Criança sugeriu trabalho com o tema LGBT em grupo da escola e, após ofensas, pediu apoio psicológico para irmã - Reprodução/Facebook
Criança sugeriu trabalho com o tema LGBT em grupo da escola e, após ofensas, pediu apoio psicológico para irmã Imagem: Reprodução/Facebook

Do UOL, em São Paulo

14/06/2021 13h11Atualizada em 14/06/2021 16h29

Um menino de 11 anos foi rechaçado em um grupo de WhatsApp da escola após sugerir para os colegas que a turma fizesse um trabalho com tema LGBT, em acordo com a celebração do mês do Orgulho LGBT, que acontece anualmente em junho. Segundo a irmã do menino, Danielle Cristina, a família registrou um boletim de ocorrência.

O caso aconteceu com alunos da Escola Estadual Aníbal de Freitas, na sexta-feira (11). Em publicação nas redes sociais, Danielle relatou que a criança recebeu uma ligação de uma suposta coordenadora pedindo para que ele retirasse a sugestão do grupo.

Ele foi massacrado com tanto preconceito, como se ele tivesse cometendo um crime."

"Uma senhora que se diz coordenadora da escola, chamada Marines, ligou para ele por volta das 20:30 da noite acabando com ele, falando para ele retirar o comentário que no caso foi uma 'sugestão de estudo' senão iria remover ele do grupo da escola. Falou para ele que era inapropriado, inadmissível. Que era um absurdo ele ter colocado aqui no grupo, que ele precisava de tratamento", escreveu Danielle.

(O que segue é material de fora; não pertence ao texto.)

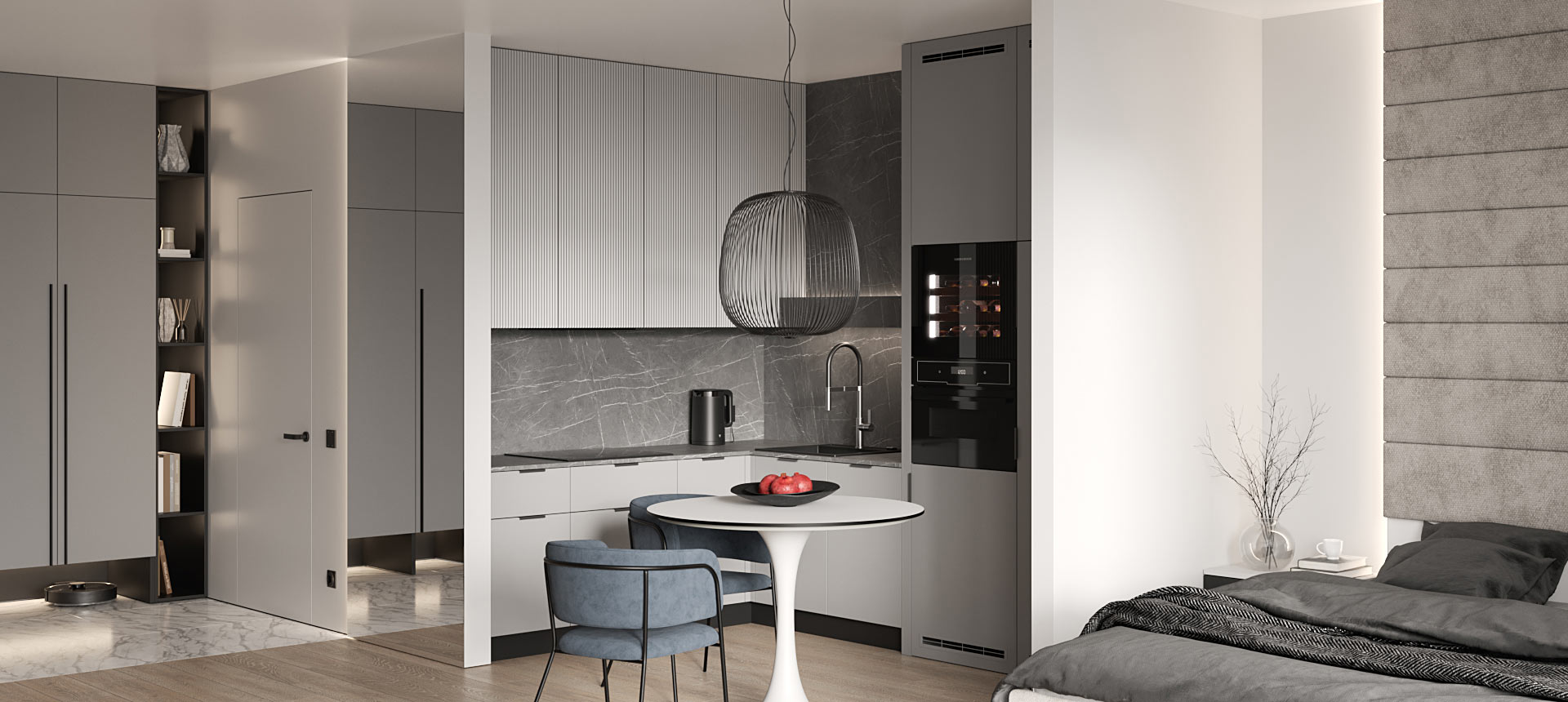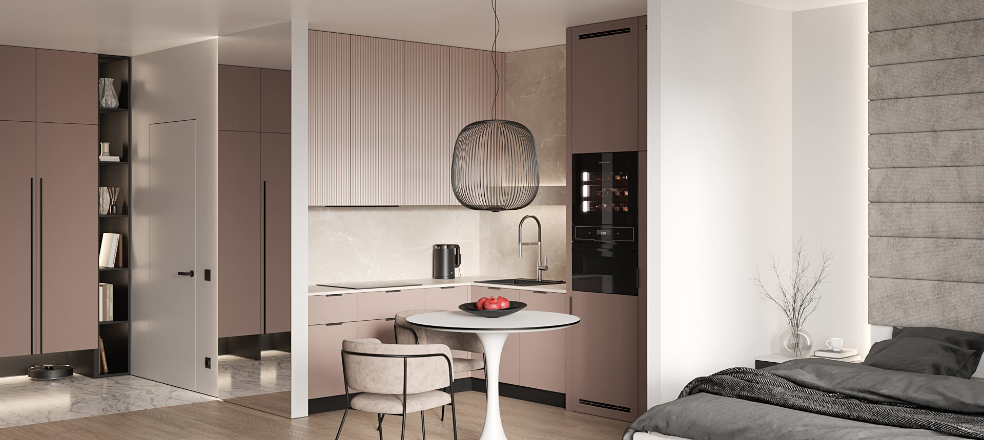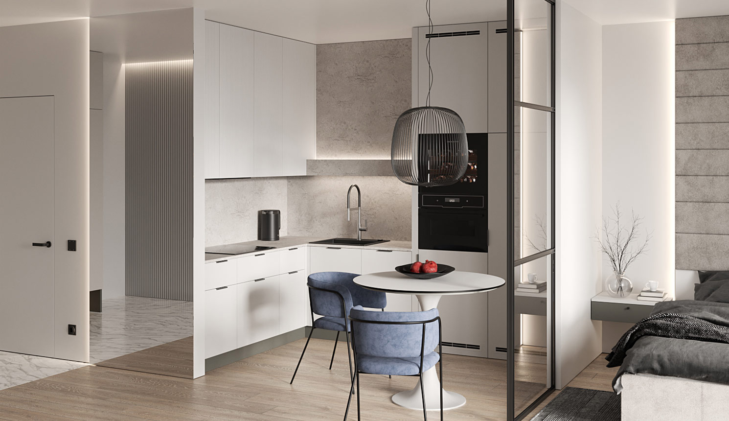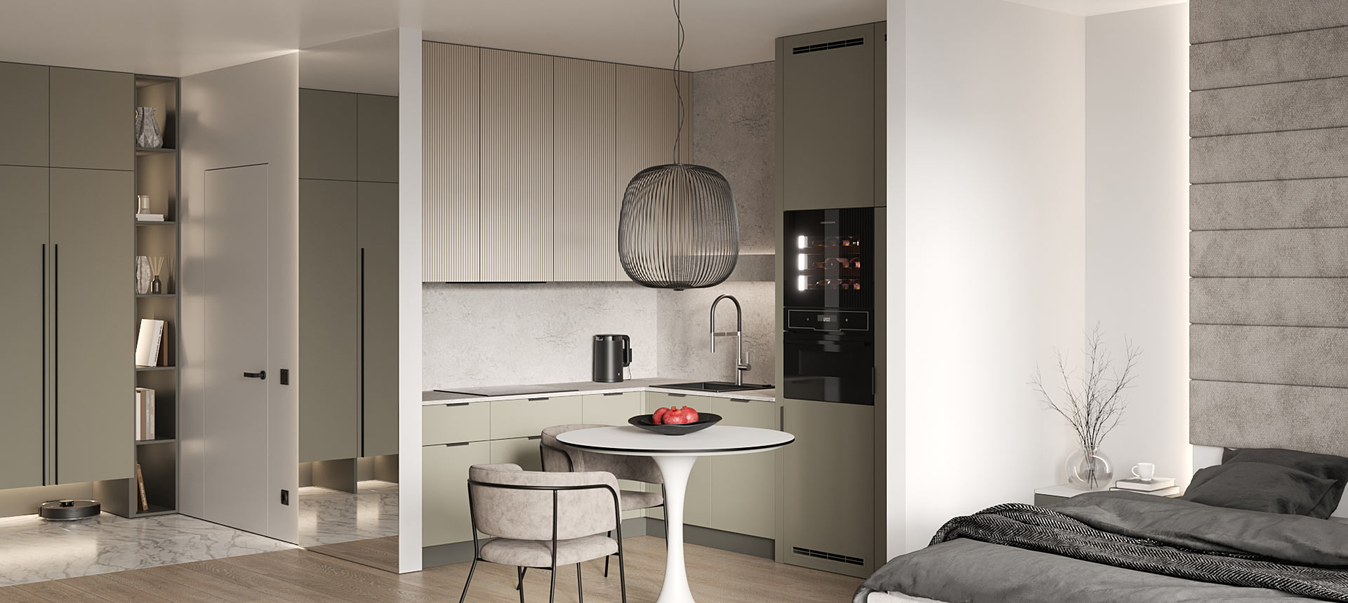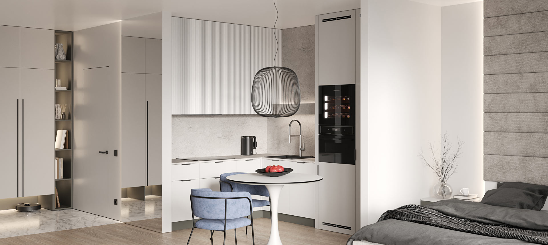Дзен-проект однокомнатной квартиры для любительницы путешествий

A irmã ainda relatou que na hora viu o menino chorando e interveio na situação. "Comecei a falar com ela, perguntei quem era porque achei mesmo que fosse algum pai de outra criança que não gostou e queria falar, mas não. Era da escola. Ligando, falando absurdo, jogando preconceito na cara do meu irmão que é apenas uma criança."

"Cada um aqui sabe como criam os seus filhos, o meu irmão é somente um menino curioso, uma criança que tem muito o que apreender ainda, ele não é homossexual e mesmo que fosse todos precisam de respeito. Ele só sugeriu um tema para estudo, a direção da escola acabou com ele, jogou tanto preconceito, logo a escola que deveria ensinar dar o exemplo", defendeu.

Danielle ainda afirmou que o irmão ficou "triste" com toda a situação e que pediu "desculpas" pelo ocorrido, "como se ele tivesse feito algo errado", acrescentou.

A irmã informou que fez um boletim de ocorrência online e que está em busca de uma psicóloga que atenda o irmão pelo Sistema Único de Saúde (SUS), após pedido da criança.

Estado se pronuncia

A Secretaria da Educação do Estado de São Paulo (Seduc-SP) afirmou em nota enviada ao UOL que "repudia qualquer tipo de preconceito, dentro ou fora do ambiente escolar."

A assessoria também informou que "um supervisor de ensino foi enviado à escola para apurar o caso e todas as medidas administrativas cabíveis serão tomadas".

O aluno deverá receber suporte da Equipe do Programa de Melhoria da Convivência e Proteção Escolar (Conviva SP). Segundo a Seduc-SP, existe um programa de psicólogos na educação que estão presentes em todas as escolas estaduais e que o atendimento para o estudante já foi disponibilizado.

"O respeito à diversidade faz parte do Currículo em Ação para que seja ensinado e aprendido nas escolas estaduais. Sempre dentro do contexto dos conteúdos escolares previstos para cada série e cada componente curricular. As escolas têm autonomia, dentro do seu projeto pedagógico, para organizar quando e de que forma essa temática será abordada", complementa o comunicado.

A Secretaria também informou que formou educadores de toda a rede recentemente com as Aulas de Trabalho Pedagógico Coletivo (ATPCs), "que acontecem toda semana, onde foram discutidos a discriminação e o preconceito e como abordar o tema dentro das escolas com seus alunos e equipe escolar."

"Como uma ação, a EE Aníbal de Freitas trabalha temas transversais, em parceria com a PUC Campinas, realizando diversas palestras relacionadas à temática LGBTQIA+, direcionadas à comunidade escolar. A administração regional e a direção da unidade estão à disposição dos pais ou responsáveis para quaisquer esclarecimentos", finaliza comunicado.

O UOL também entrou em contato com a Secretaria de Segurança Pública de São Paulo que informou que o boletim foi registrado no sábado (12) e que a "Polícia Civil apura todas as circunstâncias relacionadas aos fatos narrados no boletim de ocorrência".

O caso foi encaminhado ao 7º Distrito Policial de Campinas, onde a família deverá comparecer para dar mais detalhes.